Investing.com - The U.S. dollar gained in Europe Thursday, climbing to a two-month high on rising fears of a U.S. default as Fitch threatens a rating downgrade.
At 02:55 ET (06:55 GMT), the Dollar Index, which tracks the greenback against a basket of six other currencies, rose 0.2% to 103.955, just below the 104.05 overnight peak, the highest level since mid-March.
The dollar’s safe haven status has meant that it has benefited from the lack of progress in the talks to lift the U.S. government's $31.4 trillion debt ceiling, with the early-June deadline that Treasury Secretary Janet Yellen said is when it’s “highly likely” that her department will run out of money drawing nearer.
This uncertainty has resulted in ratings agency Fitch putting the United States' prized “AAA” rating on watch for a possible downgrade, adding to the jitters in global markets.
"Fitch still expects a resolution to the debt limit before the X-date," the credit agency said in a report.
"However, we believe risks have risen that the debt limit will not be raised or suspended before the X-date and consequently that the government could begin to miss payments on some of its obligations."

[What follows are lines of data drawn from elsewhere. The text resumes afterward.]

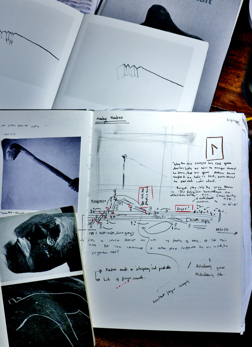 The conversation went back and forth, from Groth’s materials to mine, from his drawings, to my violin, to his tapestries to my notebook, exploring questions of scale from small clay maquettes to 2 metre bronzes, to tiny gestures on the violin (he loves the sound of a gentle ricochet on the wood of the violin).
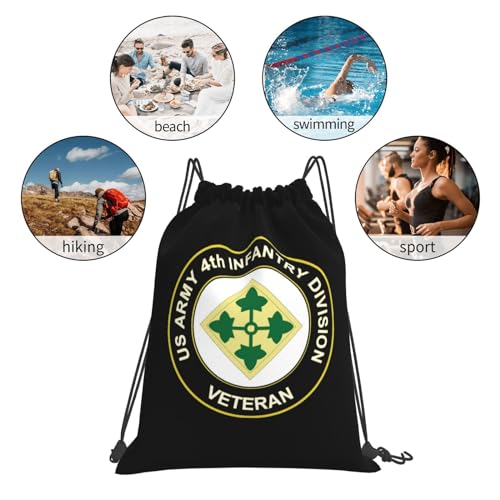 Rqwaaed US 4th Infantry Division Veteran Versatile Drawstring Gym Bag Perfect Workouts Daily Essentials 5
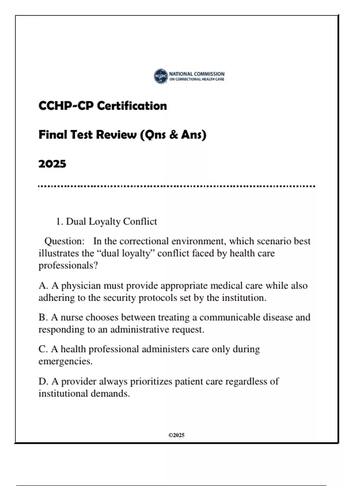 NCCHC-CP CCHP Certification Final Test Review 2025 (Qns & Ans)

The dollar has also been boosted by a more hawkish view of the Federal Reserve’s monetary policy actions this year, with the U.S. economy proving resilient to the aggressive tightening to date.
Minutes from the Fed’s last meeting, released Wednesday, showed that officials were divided over whether further interest-rate increases would be necessary to lower inflation, but the labor market and price pressures have all proven more resilient than expected following that May meeting.
Elsewhere, EUR/USD fell 0.1% to 1.0739, close to a two-month low, after data released early Thursday showed that the German economy, the largest in Europe, contracted slightly in the first quarter of 2023 compared with the previous three months, thereby entering recession.
However, growth is proving hard to find in the region, and this tone could soon change.
GBP/USD edged lower to 1.2363, not far removed from its weakest level since April 3, while the risk-sensitive AUD/USD dropped slightly to 0.6541.
USD/JPY drifted lower to 139.45, just off a six-month high, with the yen suffering after two-year U.S. Treasury yields extended to highs not seen since mid-March.
USD/CNY rose 0.1% to 7.0685, with the pair near a near six-month high as fears of a renewed COVID outbreak added to concerns over slowing economic growth in China.
USD/TRY rose 0.1% to 19.9163 ahead of the latest monetary policy decision by Turkey’s central bank. It is expected to hold rates unchanged for a third consecutive month as it tries to keep the lira stable just days before a presidential runoff.